[Collected data]
= Beginning of Section =

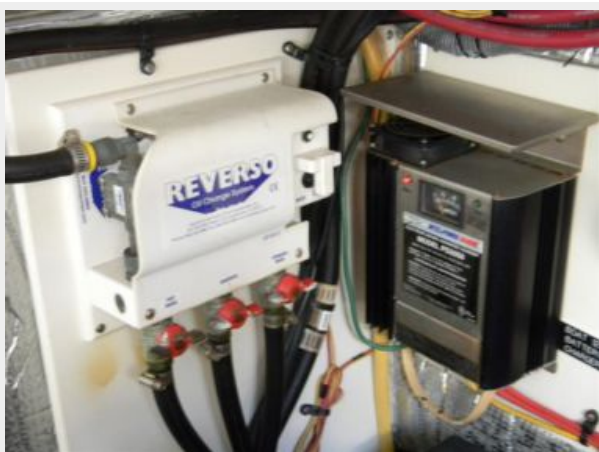
Oil Exchanger System
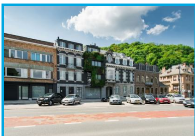
The Royal Snail
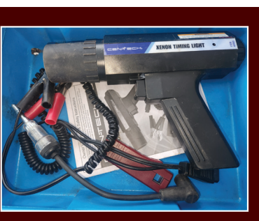
Cen-Tech Xenon Timing Light & Spark Plug Tester
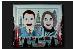
Earth, Heaven, Hell
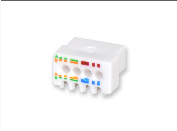
Everon® Copper Datacom xs500 Copper jack, Cat.6A, Keystone, AWG 22-24, bulk pack (24 pcs.)
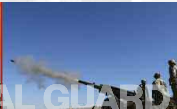
Soldiers from B Battery, 2nd Battalion, 110th Field Artillery Regiment fire the M102 105mm howitzer during the last live fire of the unit's guns at Fort A.P. Hill, Va., Saturday, Nov. 1, 2008. The regiment, organized in 1915 and now part of the 58th Infantry Brigade Combat Team, is scheduled to be inactivated in 2009 when the 58th IBCT transitions to a battlefield surveillance brigade.
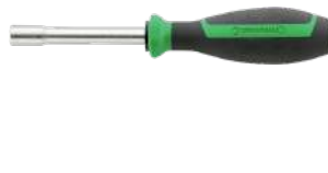
18073026 Spinner 2K-handle
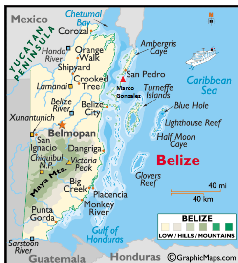
Figure 1: Map of Belize. The site of Marco Gonzalez is located at the south end of the island of Ambergris Caye, ca. 6 km south of San Pedro Town (Reproduced with permission of www.worldatlas.com).

The soil is a natural body of animal, mineral and organic constituents differentiated into horizons of variable depth which differ from the material
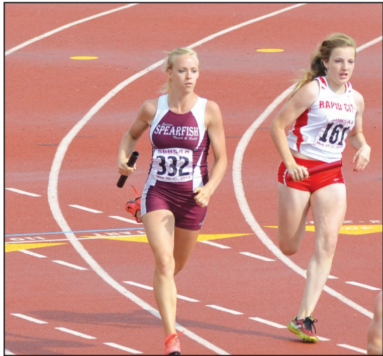
WATCH FOR THESE RETURNING TEAM MEMBERS & MORE
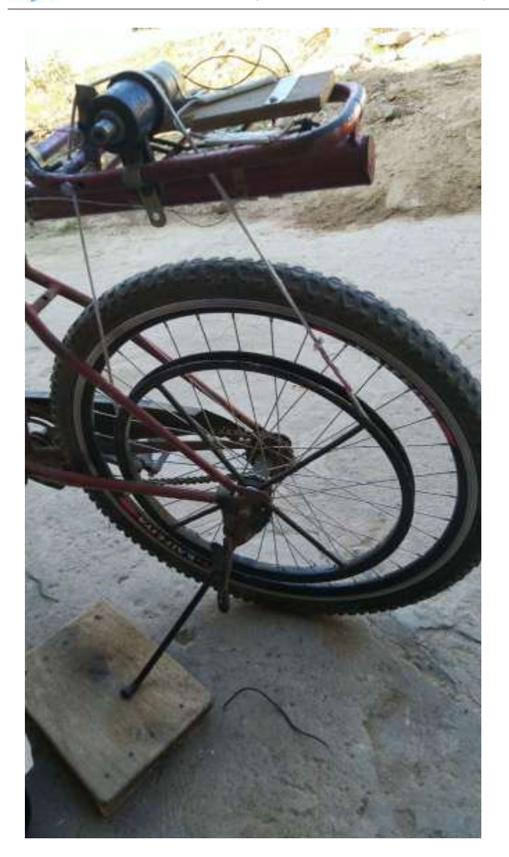
Fig.-2: Regenerative Braking System Actual Look
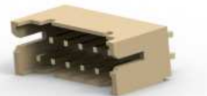
TE Part #5-1977909-2 12P,2.0MM HDR. PIN 12 OMITTED, 2.1 LEADS
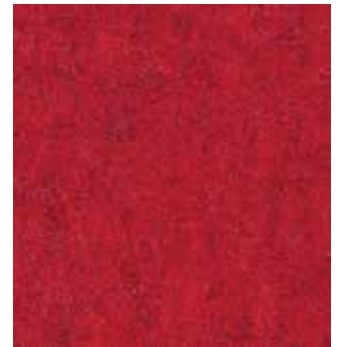
207 Red Fleck

= End of Section =

• [BRIEF]: In the data above, find the line with "TE Part #5-1977909-2" and repeat it and every line after it through the end, exactly; leave the pictures out.

• [RESULT]:
TE Part #5-1977909-2 12P,2.0MM HDR. PIN 12 OMITTED, 2.1 LEADS
207 Red Fleck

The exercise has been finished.